> **The problem**
Aim for an exact copy of the listing, without any images.

> **Recorded information**
************

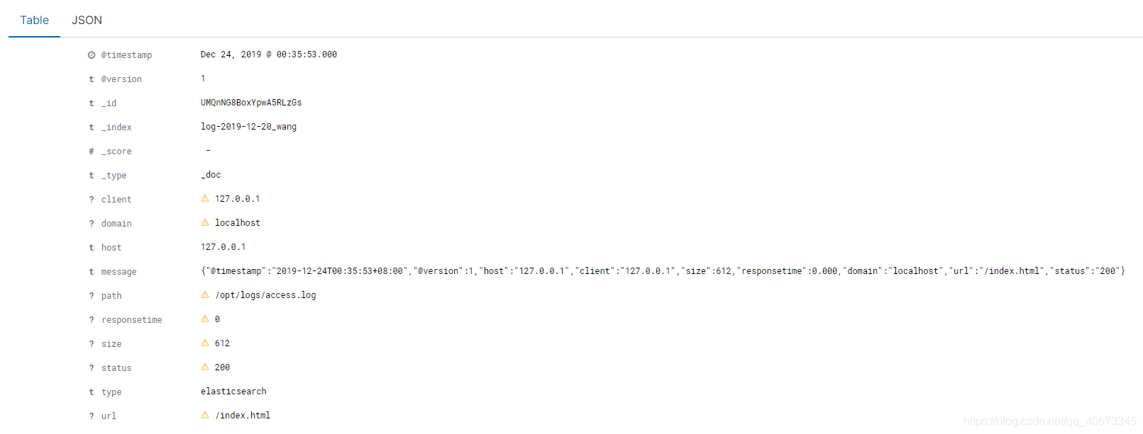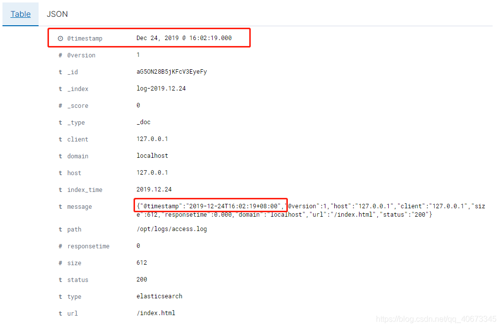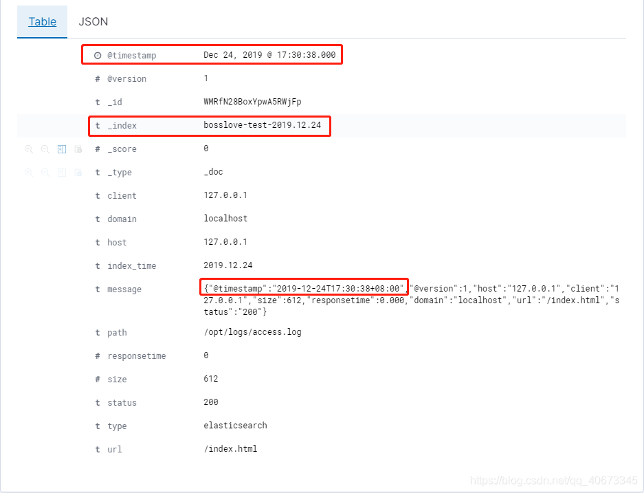 {"@timestamp":"2019-12-24T17:30:38+08:00","@version":1,"host":"127.0.0.1","client":"127.0.0.1","size":612,"responsetime":0.000,"domain":"localhost","url":"/index.html","status":"200"}
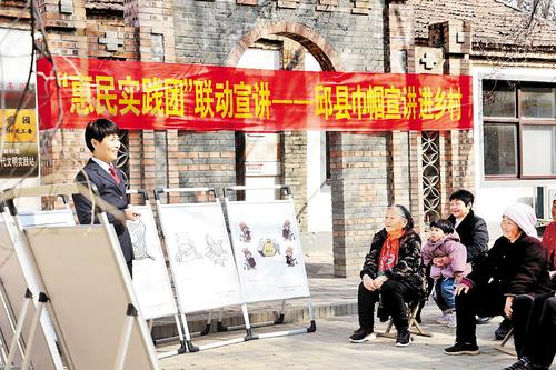 3月2日,邱县“巾帼宣讲团”成员在新鲜庄村,通过漫画宣讲好人好事、美德故事。
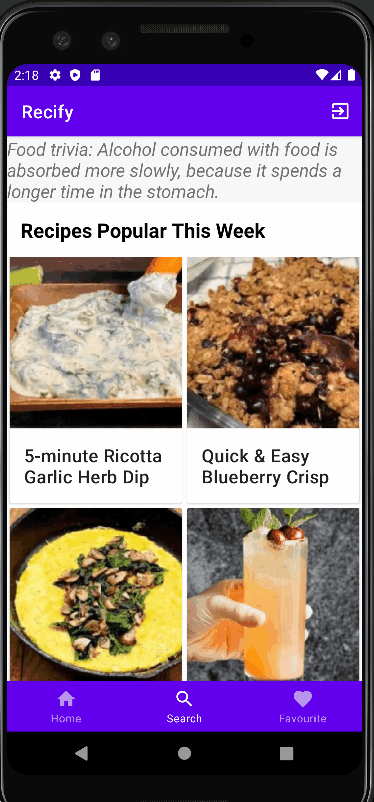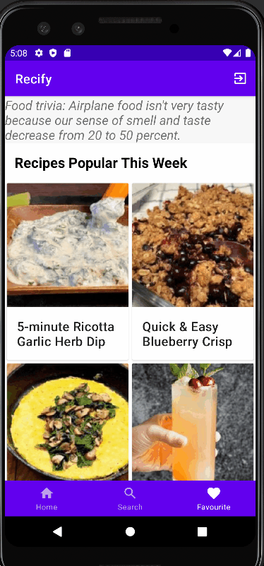 In this project I have used the Spoonacular API and Room, a database object mapping library. This app includes basic functionality like login and register with the access of searching the recipes,adding the favourite recipes to users favourite list.The app also provides the functionality to have step by step instruction to cook the recipe which user likes.

************

> **Task response**
 {"@timestamp":"2019-12-24T17:30:38+08:00","@version":1,"host":"127.0.0.1","client":"127.0.0.1","size":612,"responsetime":0.000,"domain":"localhost","url":"/index.html","status":"200"}
 3月2日,邱县“巾帼宣讲团”成员在新鲜庄村,通过漫画宣讲好人好事、美德故事。
 In this project I have used the Spoonacular API and Room, a database object mapping library. This app includes basic functionality like login and register with the access of searching the recipes,adding the favourite recipes to users favourite list.The app also provides the functionality to have step by step instruction to cook the recipe which user likes.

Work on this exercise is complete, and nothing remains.